Collected data
====================

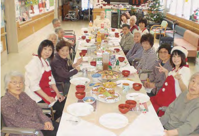
ごちそうを囲んでのX'mas会♪
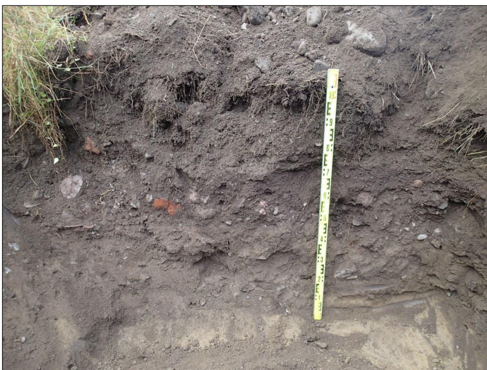
Havainto 2. Kaivon kohdan länsiseinämä. Kerrosjärjestys pinnasta lukien: n. 0-25 cm nurmimulta ja hiekkasora, n. 25-50 cm Y1, n. 50-90 cm Y2 ja n. 90-100 cm Y3.
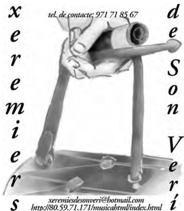
Targeta dels XSV.

persones, entre alumnes i professors del centre, interessats a aprendre a tocar aquests instruments i l'octubre començaren les classes els divendres capvespre al centre. Tot i que el primer trimestre la banda i l'escola de formació funcionaven autònomament i eficientment, ben aviat ens vérem desbordats tant per alumnes, com per temps. Era molt difícil engegar un projecte docent sense cap recurs econòmic i sense que els professors cobrassin. S'ha de tenir en compte que aleshores l'ajuntament de Lluçmajor acabava de crear a s'Arenal una banda municipal on els alumnes cobraven per assaig i rebien gratuïtament l'instrument. Perquè ens facem la idea de la magnitud de la barrudesa municipal només cal saber que el pressupost d'un sol clarinet (i el nombre de clarinets a una banda de música és l'equivalent al de violins a una orquestra) equivalia a tot el nostre pressupost anual per a la compra d'instruments per als nous alumnes.
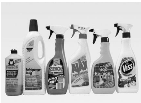
Abbildung 2: Handelsübliche Reiniger

In der Gebrauchsanleitung wird weiterhin darauf hingewiesen, dass eine säurefeste Ausführung der keramischen Fliesen und Sanitärreinbauteile vorliegen muss, was bei einer zementären Verfugung im Privatbereich nicht gegeben ist. Oft fehlt jedoch der Hinweis, dass solche Reiniger nur mit einigem zeitlichen Abstand und nur mit kurzer Einwirkzeit auf Fliesenbelägen mit zementärer Verfugung eingesetzt werden dürfen.
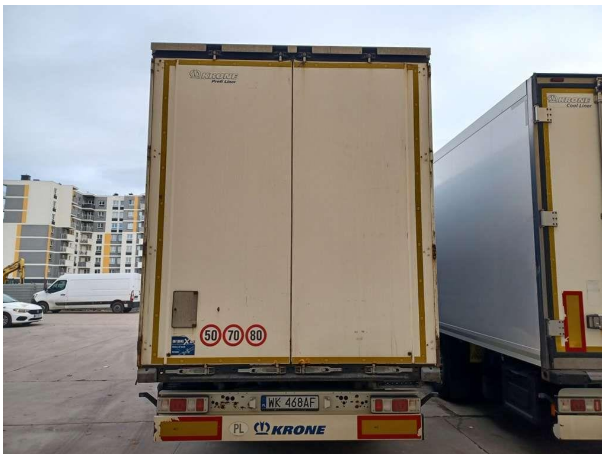
Fot. nr 6
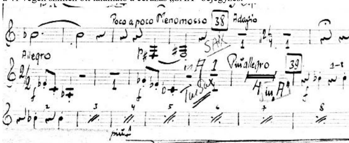
3. kottapélda A Fából faragott királyfi 1. klarinét szólamának részlete (38. szám) - eredeti szólamkotta

Valószínűleg egy figyelmeztetés a játékosnak, hogy vegye fel, vagy helyezze el úgy a hangszert, hogy gyors váltással alkalmazni tudja. Hiszen a 42. szám előtt egy negyednyi szünete van arra, hogy felvegye a szaxofont. Később még ennyi sincs, hiszen a szólamok fedik egymást. Talán egy-egy záróhang lerövidítésével és az első futam kihagyásával oldhatta meg a klarinétos ezt a feladatot. Az eredeti dallam alatt ceruzával bővített kvarttal lejjebb is le van kottázva a dallam.
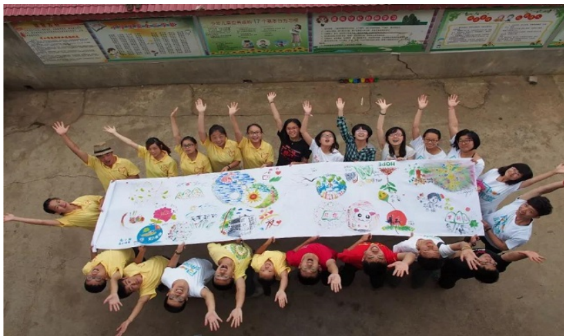
“同一课堂”志愿者大合影

2013年，学而思更名为好未来集团，并在北京市民政局注册成立了好未来公益基金会，着意将集团的教育公益事业导向体系化、专业化的运作。在“帮助更多的人平等享受教育资源”的基金会宗旨指引下，越来越多的好未来人跟随“同一课堂”走进贫困边远地区支教。

====================

**Your objective**
Check each line of the records for "同一课堂" and copy the ones that contain it.

**Answer to this task**
“同一课堂”志愿者大合影
2013年，学而思更名为好未来集团，并在北京市民政局注册成立了好未来公益基金会，着意将集团的教育公益事业导向体系化、专业化的运作。在“帮助更多的人平等享受教育资源”的基金会宗旨指引下，越来越多的好未来人跟随“同一课堂”走进贫困边远地区支教。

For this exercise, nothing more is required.